Distributing the manufacture of autologous cell therapies to clinical and hospital settings to minimize time, cost, and logistics challenges is a popular conversation in biopharma circles. While many discuss it, Dr. Helen Sabzevari’s upstart biopharma Precigen is doing it.

BioProcess Online recently published an article authored by our good friends and biopharma facilities experts Herman and Erich Bozenhardt that addresses a paradigm that—and I’m projecting here—almost certainly makes them at least a little bit uncomfortable: the growing role of the hospital in the production and manufacturing of ATMPs, and more specifically, autologous cell and gene therapies. The potential discomfort I’m projecting on them lies in the uncertainty of how distributed procurement, processing, and administration of these therapies will be executed from the capital manufacturing equipment, quality oversight, and regulatory perspectives. It’s a new concept, taking shape in a new field of medicine, where just a handful of therapies have been approved at great effort, at great cost, and in tightly-controlled facilities. In those facilities, quality and engineering is closely managed for volume, impurities, gene expression, growth, and virus burden. 

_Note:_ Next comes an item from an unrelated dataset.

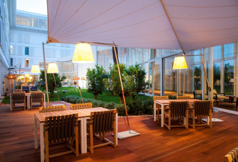 Рестораны и бары: пансионный ресторан Bava с террасой, японский a la carte ресторан Matsunoki, лаундж-бар Bar Alto Rosso, бар у бассейна Pool Bar Azur, пляжный бар Beach Bar Meridien.

Envisioning this concept of a distributed autologous cell therapy model, whereby the patient donates her own cells in a hospital setting and those cells are processed, re-engineered, and qualified on-site before being re-administered to the patient, allows us to entertain a host of efficiency, cost-reduction, and patient benefits. It also opens our eyes to a whole new set of challenges in an already challenging field of therapeutics. What are the on-site processing equipment requirements? Who is qualified to operate that equipment? Who is responsible for quality control? How do cell therapy production operations distributed across potentially hundreds of hospitals change the cGMP, auditing, and regulatory requirements?

On episode 38 of The Business of Biotech podcast, we sat down with the CEO of an emerging cell therapy company that aims to address these challenges as it works to make distributed, hospital-based cell therapy production a scalable reality. Helen Sabzevari, Ph.D., is CEO at Precigen, a new company spun out of Intrexon in 2018. Precigen is already working on a six-candidate clinical pipeline and a preclinical pipeline that’s 10 candidates deep, all of them cell and gene therapeutics focused on addressing a host of oncological indications, autoimmune disorders, and infectious diseases.

Addressing The Barrier To Commercial Cell Therapy Success

Helen Sabzevari, Ph.D., CEO, Precigen
Helen Sabzevari, Ph.D., CEO, Precigen
The manufacturing paradigm, says Dr. Sabzevari, is exactly what must change in order to produce commercially-viable cell therapies. She says many companies get into trouble when they get through phase 1 and 2 trials, then realize their manufacturing technology doesn’t accommodate scalability and commercial viability. That’s another Precigen characteristic that makes the company unique—it’s focused as much effort on building cell therapy production technology as it has on the development of the therapeutics themselves. It dubs its proprietary semi-closed electroporation system UltraPorator, and that system, says Dr. Sabzevari, is the foundation of the company’s vision for decentralized CAR-T manufacturing.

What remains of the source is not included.